═════ RAW DATA

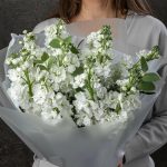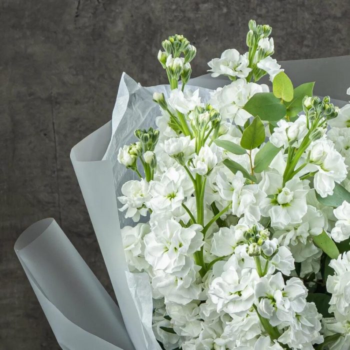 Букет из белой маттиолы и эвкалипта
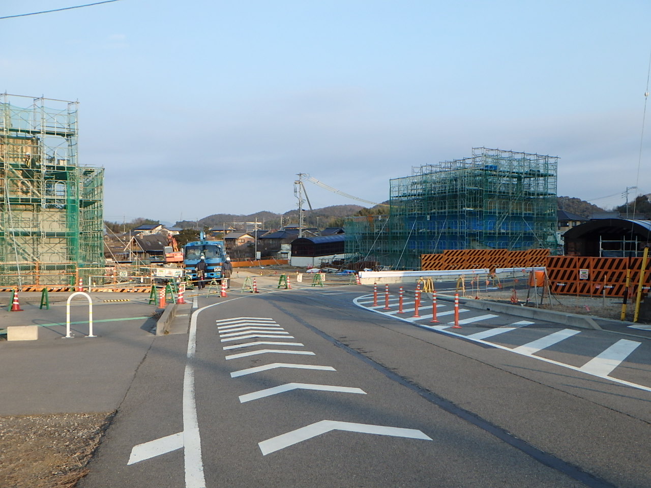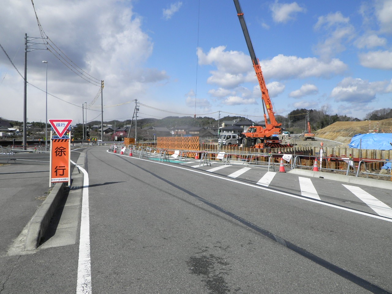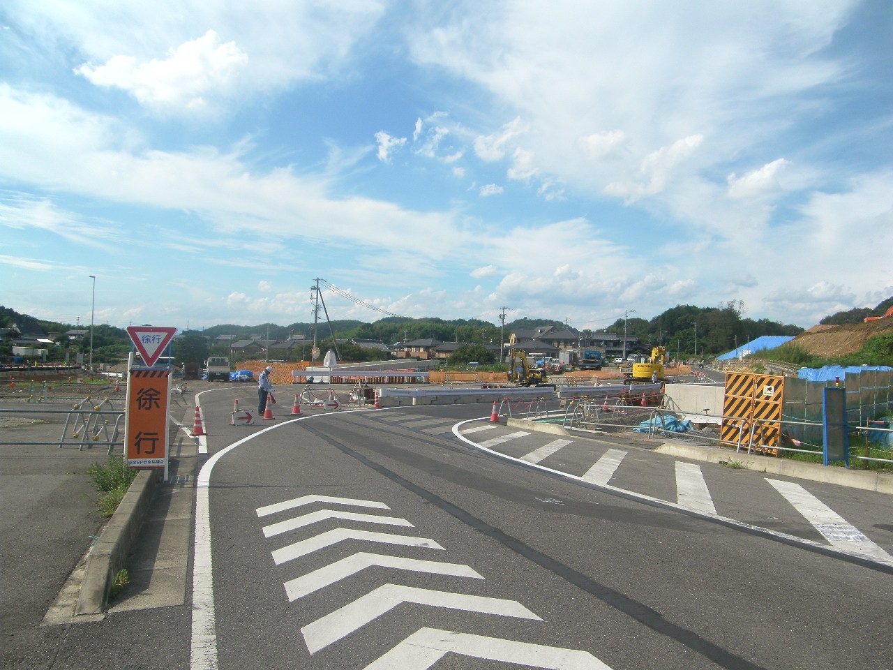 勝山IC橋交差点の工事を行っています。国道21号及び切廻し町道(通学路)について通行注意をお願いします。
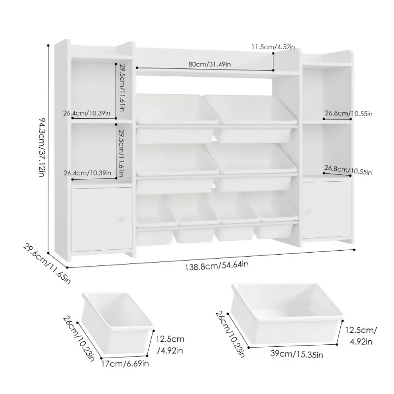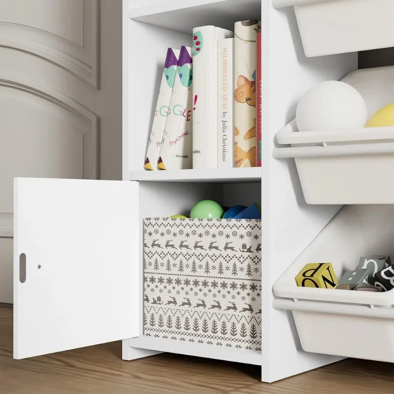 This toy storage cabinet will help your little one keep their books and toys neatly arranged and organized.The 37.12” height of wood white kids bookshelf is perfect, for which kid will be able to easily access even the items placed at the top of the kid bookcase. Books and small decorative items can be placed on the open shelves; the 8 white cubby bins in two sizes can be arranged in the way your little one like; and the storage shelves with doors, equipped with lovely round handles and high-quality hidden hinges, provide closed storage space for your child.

══════════

The answer must be the whole listing, word for word, with no pictures in it. Please write it out.

 Букет из белой маттиолы и эвкалипта
 勝山IC橋交差点の工事を行っています。国道21号及び切廻し町道(通学路)について通行注意をお願いします。
 This toy storage cabinet will help your little one keep their books and toys neatly arranged and organized.The 37.12” height of wood white kids bookshelf is perfect, for which kid will be able to easily access even the items placed at the top of the kid bookcase. Books and small decorative items can be placed on the open shelves; the 8 white cubby bins in two sizes can be arranged in the way your little one like; and the storage shelves with doors, equipped with lovely round handles and high-quality hidden hinges, provide closed storage space for your child.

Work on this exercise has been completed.